Applied Data Analysis in Python

Machine Learning

As explained at the beginning of the last chapter, machine learning is the name given to the tools, techniques and algorithms which are used to extract information from data.

There are two main classes of machine learning:

  1. Supervised This is where you learn about the relationship between some measurement of the data and some label of the data. Once the relationship is established, you can then use it to predict what label to apply to new measurements. Supervised learning falls into two categories:

    1. classification where the labels are discrete. For example identifying the species of a flower from some measurements of its petals.
    2. regression where the labels are continuous. For example estimating the price of a house based on its number of rooms, size of garden etc.
  1. Unsupervised This is where you don't have any label associated with the data and the algorithm will need to extract features of interest itself. Examples of this are:

    1. clustering
    2. dimensionality reduction

In the last chapter we use a linear regression model. The algorithm that scikit-learn uses is supervised as we were providing it with both the measured quantities ($X$) and the expected output (or target), $y$. Since the target was a continuous variable we were performing a regression.

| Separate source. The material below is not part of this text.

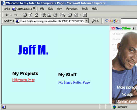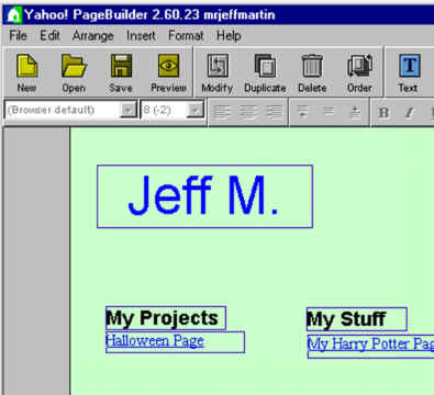 You must have your name at the top. First name &b last initial only. You must list our class projects that I specify under My Projects on the left. List Halloween Page as your first project. Note: The blue outlines around the textboxes won't show online. If you want to design a page of your own, list it in a category "My Stuff" Note: Your hyperlinks will not work while you're in PageBuilder. |
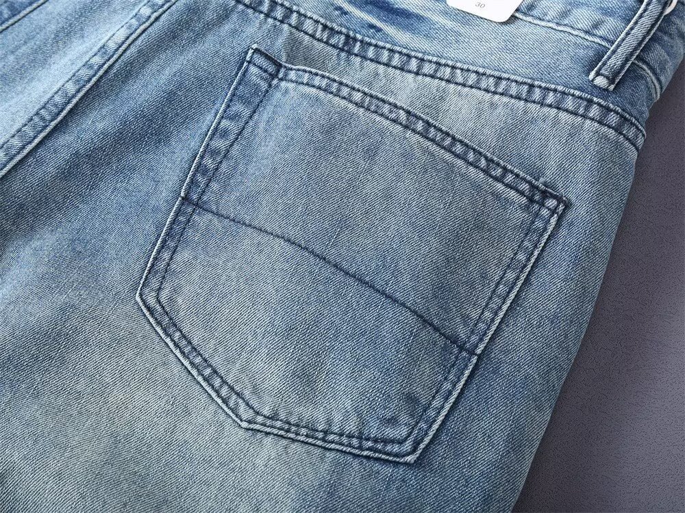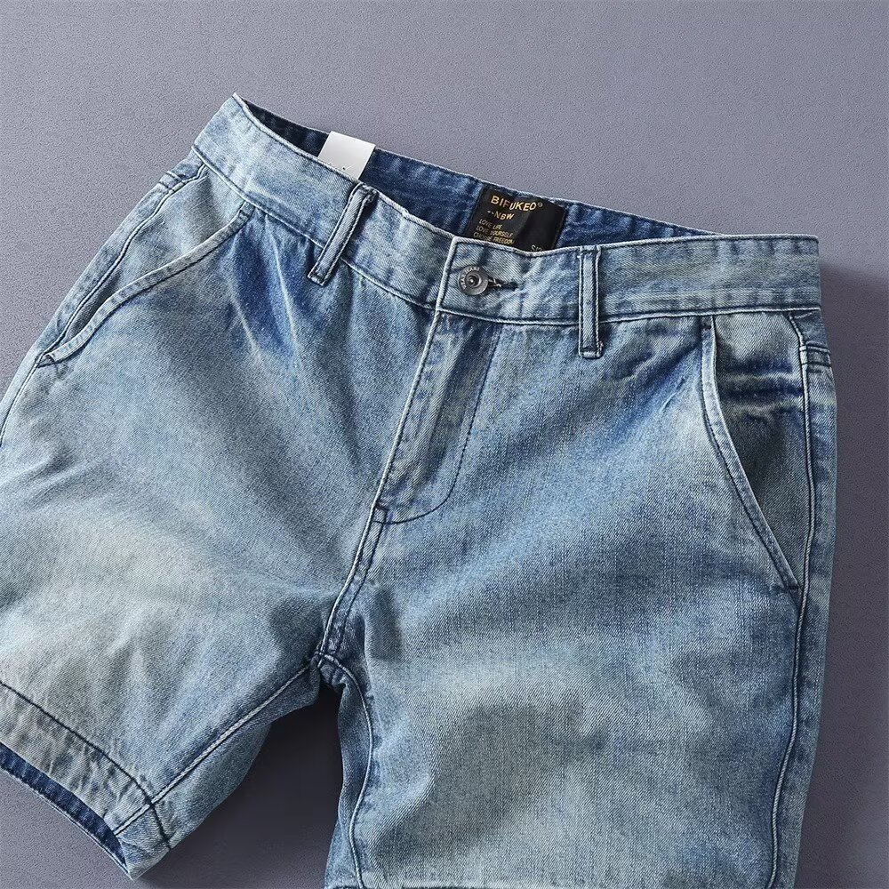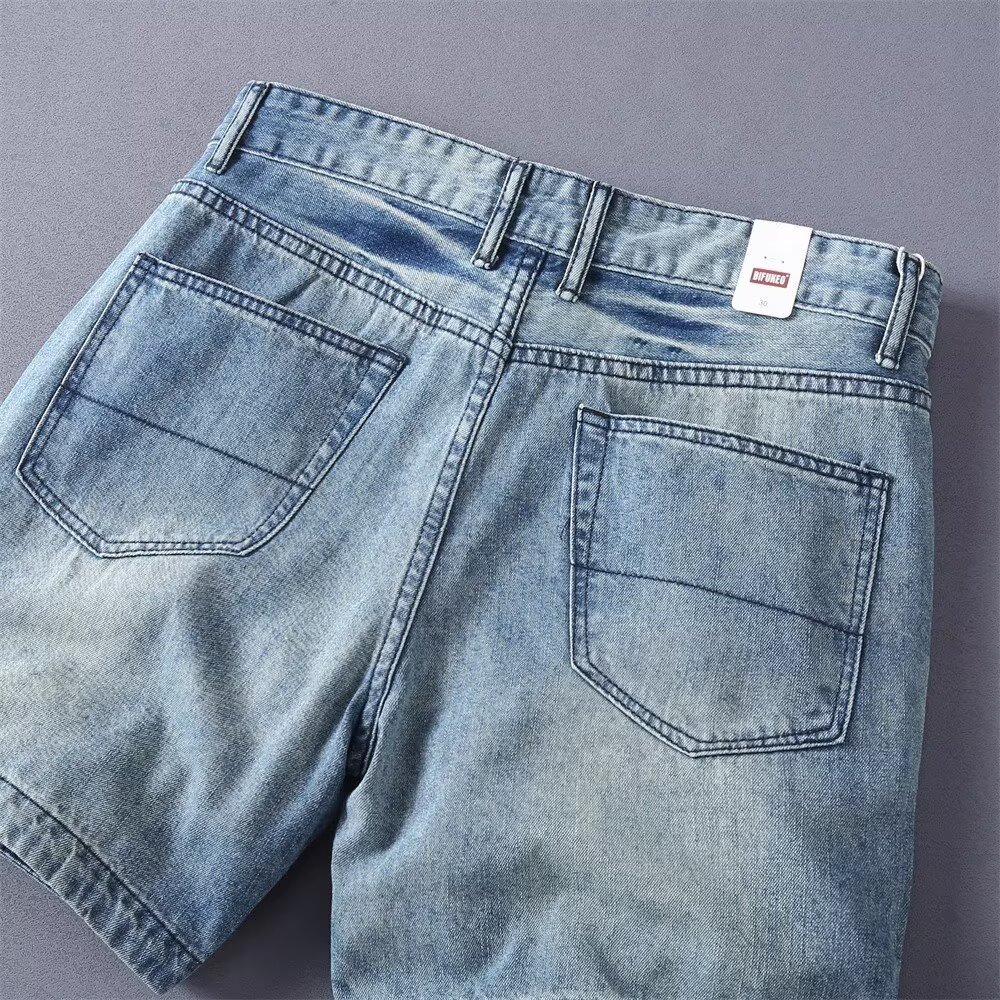 트렌디한 남성 데님 반바지 워싱 스트레이트 캐주얼 청바지 아메리칸 레트로 루즈 캐주얼 다용도 3점 팬츠

Most of the time when people think of machine learning they are thinking of a supervised algorithm.

The supervised learning process

There is a standard process that you go through with most supervised learning problems which is worth understanding as it affects how you should go about data collection as well as the types of problems you can use it to solve. For this explanation, let's pretend that we want to create a model which can predict the price of a house based on its age, the number of rooms it has and the size of its garden.

They all start with the initial data collection. You go out into "the wild" and collect some data, $X$, this could be people's heights or lengths of leaves of trees or anything in your field which you consider easy to collect/measure. In our example here we would measure a large number of houses' ages, room counts and garden sizes. We put these data into a table with one row per house and three columns, one for each feature.

Alongside that you, as an expert, label each data point you collected with some extra data and call that $y$. In our case $y$ is the price of the house. This is something which requires an expert's eye to assess and we are trying to create a predictive model which can replace the job of the expert house-price surveyor.

Once you have collected your data, you need to choose which model best represents the relationship between $X$ and $y$. Perhaps a linear regression is sufficient or maybe you need something more complex. There is no magic solution to knowing which model to use, it comes from experience and experimentation.

Using $X$ and $y$ we train (or "fit") our model to predict the relationship between those two (making sure to split them into train and test subsets to validate our model). After this point the parameters of our model are fixed and can be detached from the data that were used to train it. It is now a "black box" which can make predictions.

Imagine now that a client comes to us and asks us to estimate how much they might be able to sell their house for. They tell us how old the house is, how many rooms it has and the size of its garden. We put these three numbers ($x^\prime$) into our model and it returns for us a prediction, $\hat{y}$.

Of course, $\hat{y}$ is just a prediction, it is not necessarily correct. There is usually a true value that we are hoping that we are near to, $y$. We can measure the quality of our model by seeing how close we are to to the true value by subtracting one from the other: $y - \hat{y}$. This is called the residual.